- Also known as: 3 & J
- Origin: Houston, Texas, United States
- Genres: Hip hop, Southern hip hop, luxury rap
- Years active: 2014–present
- Label: LFTP Entertainment
- Members: Cleon "3Bubble" Solomon Justin "J. Gray" Gray
- Website: 3bubbleandjgray.com

= 3Bubble and J. Gray =

American Hip Hop music group

3Bubble & J. Gray is a US hip hop duo from Houston, Texas.

== History ==
3Bubble is a rapper from Houston, Texas, where he graduated from Worthing High School in 2000. He came up with the stage name 3Bubble from a moniker for the 3rd Degree in which he wrote out the number three and with a numerical degree sign.

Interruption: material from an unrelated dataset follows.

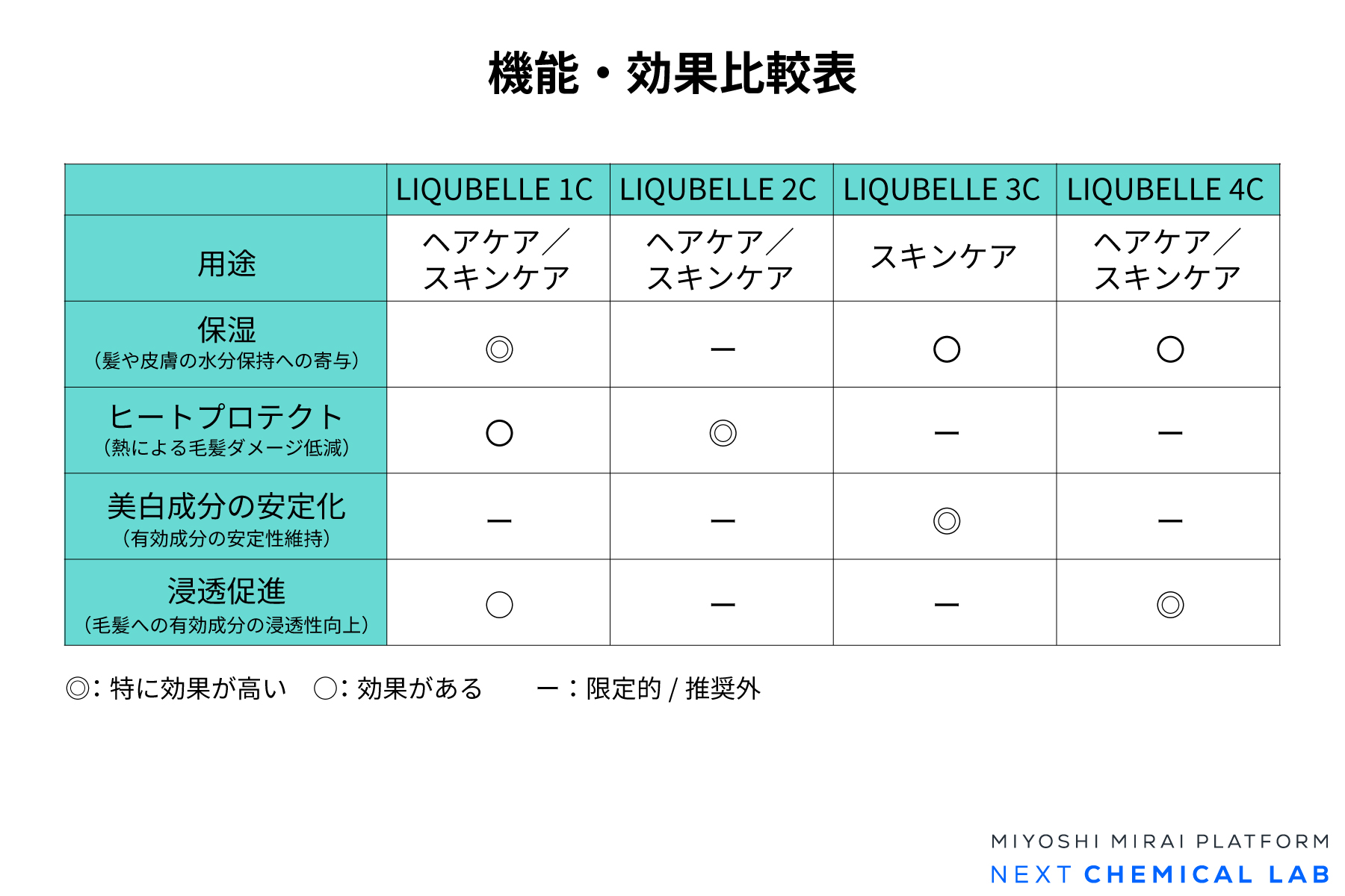 スキンケア用途に関する詳細は特集ページ「スキンケア製品の高機能化を実現 LIQUBELLEシリーズの保湿・美白成分安定化」をご覧ください。
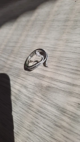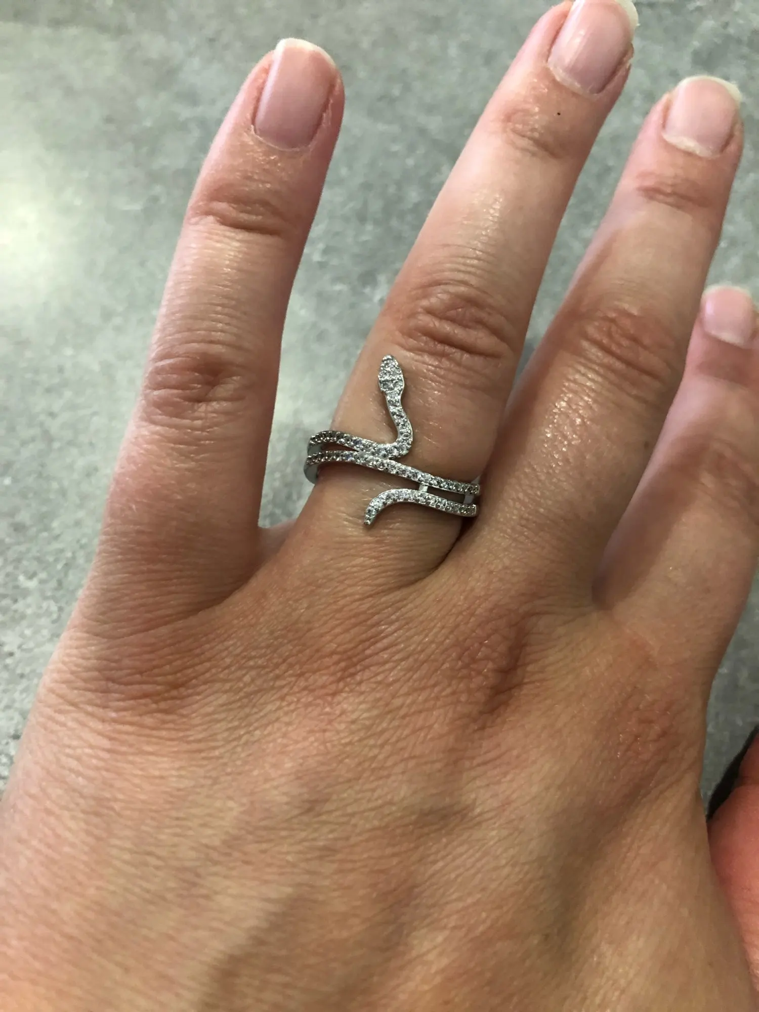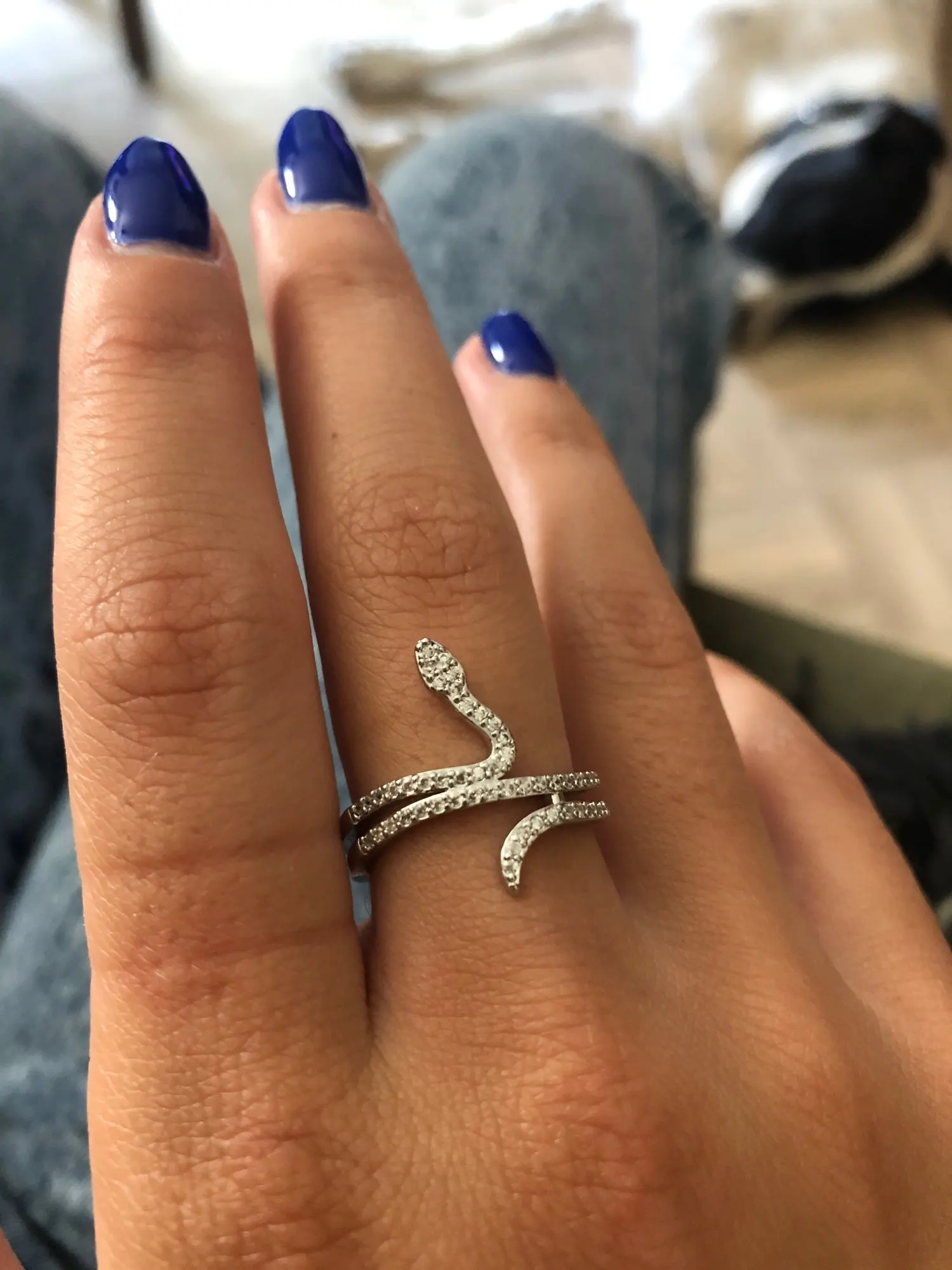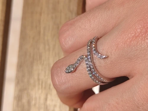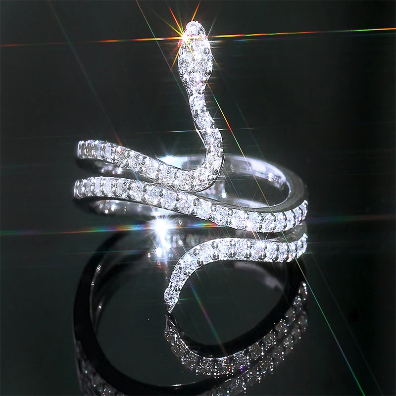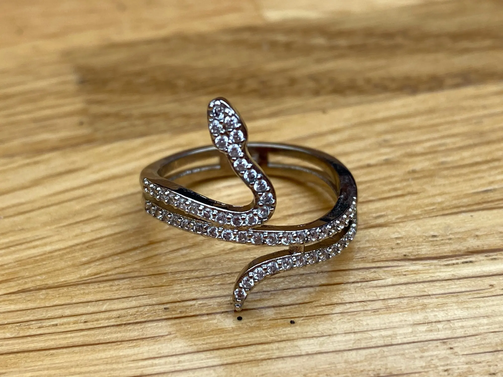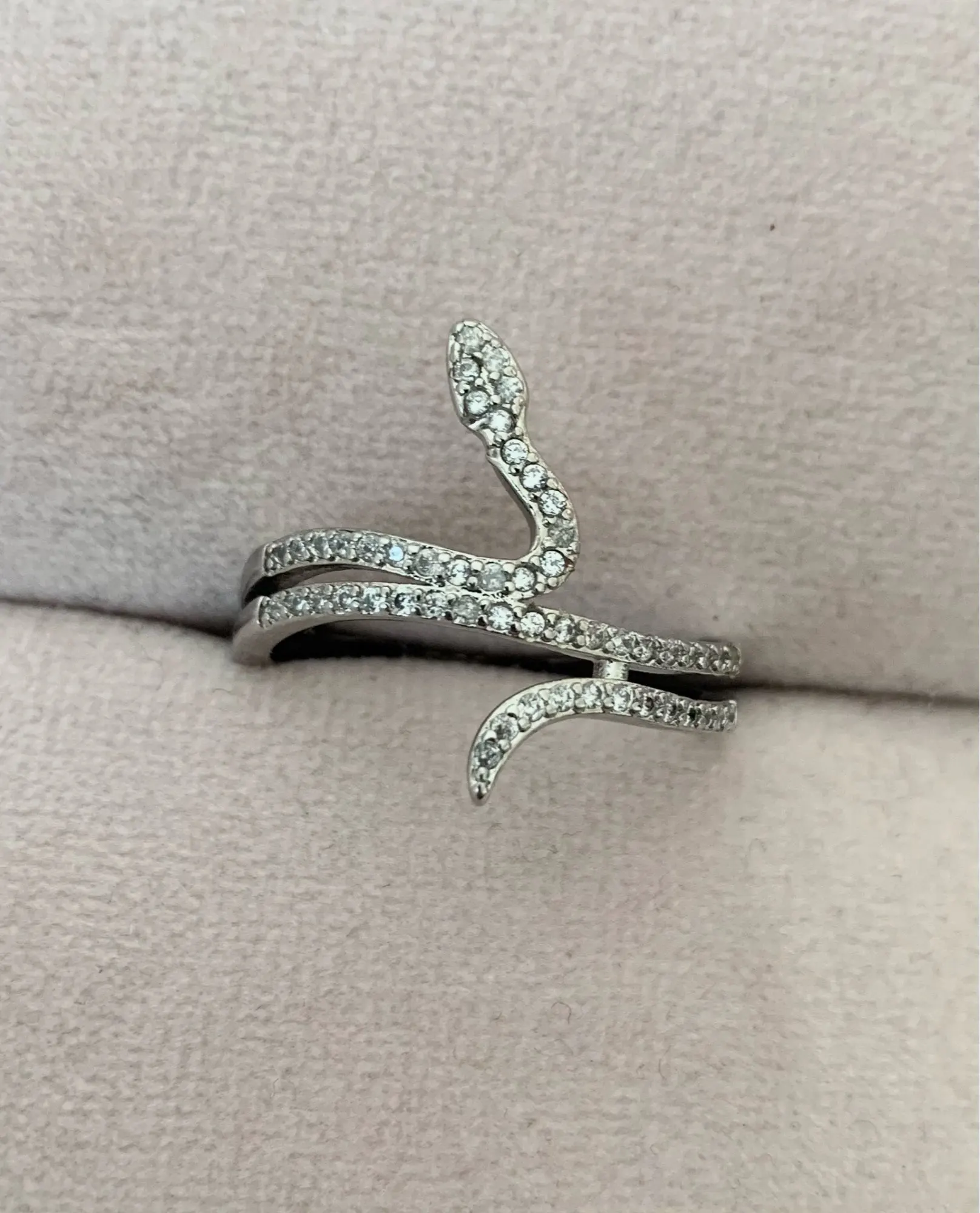 Кольцо женское в виде змеи, серебристого цвета с фианитами

He turned this unique marker into the word "bubble" to ensure it was hard to forget.

J. Gray is a rapper who attended the High School for the Performing and Visual Arts for two years to study music but ultimately graduated from Westside High School. Gray realized that he was not only a talented singer but also a good freestyle rapper during battles against his peers.

As 3Bubble & J. Gray, the two have released a total of three studio albums and have collaborated on other artist tracks such as Patrick Adams's track Invisible and the Major Deal Original Soundtrack.

In 2016, 3Bubble & J. Gray released their album, Live From the Pentagon.

==Career==
In May 2016, the duo released their debut album Live From The Pentagon, which was chosen as one of the best albums of 2016 by Paste.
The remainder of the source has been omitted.